_Requirement:_ Give the data below again exactly as written, but without the pictures.

_Data below:_
↓

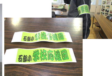
学校応援団の腕章作成
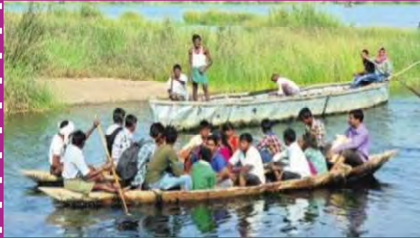
తుమ్మిడిహెట్టి వద్ద ప్రయాణం చేస్తున్న ప్రజలు
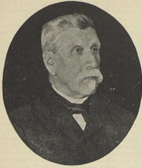
MANUEL MARIA PORTELLA

corrente, quando o grande estadista exhalava o ultimo suspiro, e o telegrapho communicou-a a toda a Europa.

↑

_Exercise response:_
学校応援団の腕章作成
తుమ్మిడిహెట్టి వద్ద ప్రయాణం చేస్తున్న ప్రజలు
MANUEL MARIA PORTELLA

corrente, quando o grande estadista exhalava o ultimo suspiro, e o telegrapho communicou-a a toda a Europa.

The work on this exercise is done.